Подле купальни на берегу был устроен крытый бассейн с подогретой морской
водой, в которую пустили раков, чтобы видно было, что вода чистая. На
большом острове имеются также ипподром, площадка для игры в гольф и
теннисный корт. По водопроводу длиной в двадцать километров, проложенному по
дну Фажанского канала, с материка подается питьевая вода. Все эти сооружения
в конце Второй мировой войны были разбомблены, но после войны восстановлены.
На свободных листках, оставшихся в середине тетради, Разин
собственноручно записал рассказ "Голубая мечеть", начинающийся словами:
"Однажды вечером в Стамбуле, незадолго до вечернего намаза..." Рассказ был
сочинен им вместе с одной из женщин, любимых им в молодости, когда он снова
с ней встретился после долгого перерыва. Этот рассказ (как и прочие,
встретившиеся в тетрадях Разина) в Памятный Альбом включен отдельно, и мы к
нему здесь возвращаться не будем.
Вслед за рассказом о голубой мечети в тетрадь внесен подробный план с
множеством различных построек (по горизонтали и в разрезе) вместе с данными
о том, из каких материалов они построены. Бросается в глаза, что Разин
уделил особое внимание путям сообщения и подъездным путям. Внимательнейшим
образом зафиксированы и живые изгороди вокруг упоминаемых зданий. Особо
приложено подробное описание.
См. чертеж:
1. Хозяйственная постройка
2. Новый погреб
3. Старый погреб
4. Терраса с беседкой
5. Виноградник
6. Мандариновый сад
7. Фонтан
8. Домик для работы и отдыха (Македонский салон)
9. Кухня
10. Словенский салон
11. Рыбацкий салон
12. Индонезийский салон
13. Бюст Нептуна
14. Залив
Внизу архитектор Разин приписал:
ЗИМНЯЯ РЕЗИДЕНЦИЯ ПРЕЗИДЕНТА СФРЮ ЮГОСЛАВИИ ИОСИПА БРОЗ ТИТО,
МАРШАЛА ЮГОСЛАВИИ И ВОЖДЯ ПАРТИЗАНСКОГО ДВИЖЕНИЯ В ГОДЫ ВТОРОЙ МИРОВОЙ
ВОЙНЫ, РАСПОЛОЖЕННАЯ НА БРИОНСКОМ АРХИПЕЛАГЕ, НА ОСТРОВЕ ВАНГА.
(NB! После того как на островах Ванта и Большой Брион разместилась
резиденция И. Б. Тито, все постройки на этих островах отреставрированы, в
помещениях замка и сторожевой башни устроен музей, проведены новые дороги,
обновлены портовые сооружения, а на Большом Брионе в 1978 году разбит
парк-сафари с большим количеством разнообразных видов растений и животных,
которые содержатся в условиях близких к естественным.)
Затем мы обнаруживаем в тетради пять-шесть пустых страниц, вслед за
которыми вклеены несколько кроссвордов из немецких газет и следующий текст:
"ЧЕЛОВЕК, КОТОРЫЙ ВЫДУМАЛ НОЛЬ"
Человек, который выдумал ноль, много лет спустя пришел на тот самый
рынок, где он любил сидеть и размышлять, прежде чем он выдумал ноль. Здесь
он когда-то сиживал, думая о том, что наша жизнь есть не что иное, как
разгадывание неизвестных нам законов и претворение их в жизнь. Он размышлял
об этом сидя на камне, находившемся близ свалки, ибо, когда бы он ни пришел,
все прочие места на рыночной площади были заняты. Особенно привлекала его
внимание каменная скамейка, с которой открывался прекрасный вид, но присесть
он не мог, ибо она всегда оказывалась занятой. Вечно на ней уже кто-нибудь
сидел. Так он и выдумал ноль, сидя на камне на краю свалки.

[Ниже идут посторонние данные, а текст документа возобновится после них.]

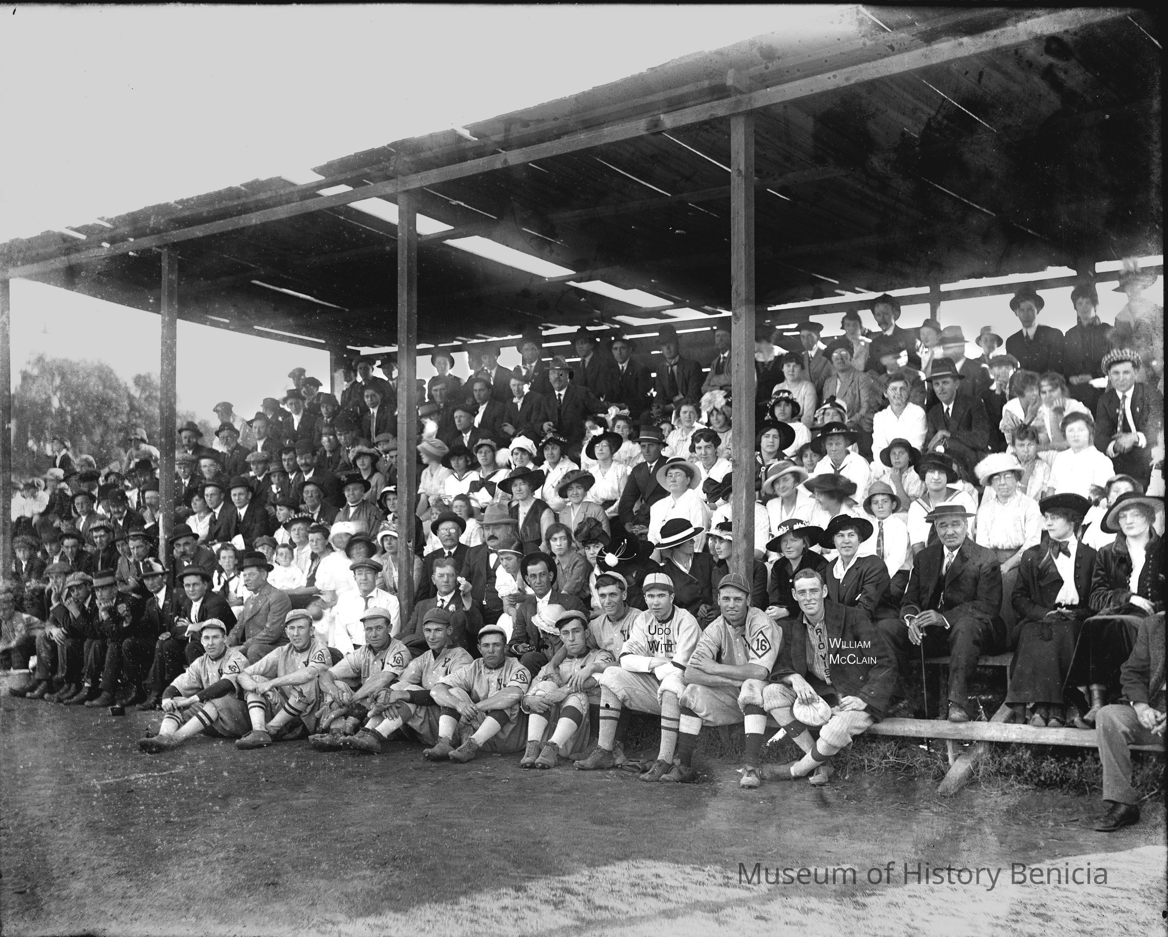 Photo of a baseball team in front of the grandstands. The man on the right sitting on the bench has a shirt that says "Rio Vista" (McClain). The other team players don't seem to have an identifiable team name on their shirts just the number "16". The man in the stands about the third row from the front is holding up two coins.

Теперь, когда он вернулся много лет спустя на то место, где он выдумал
ноль, была зима, и все сиденья на площади были свободны. Он мог выбирать
любое. Но он пришел не для того, чтобы выдумать ноль, потому что ноль он уже
выдумал много лет тому назад, но для того, чтобы снова сесть на то место,
где он выдумал ноль, и припомнить, как он выдумал ноль. И он направился
опять прямехонько к своему камню на краю свалки. Это место близ свалки было
теперь навсегда закреплено за ним, и он больше не мог выбирать.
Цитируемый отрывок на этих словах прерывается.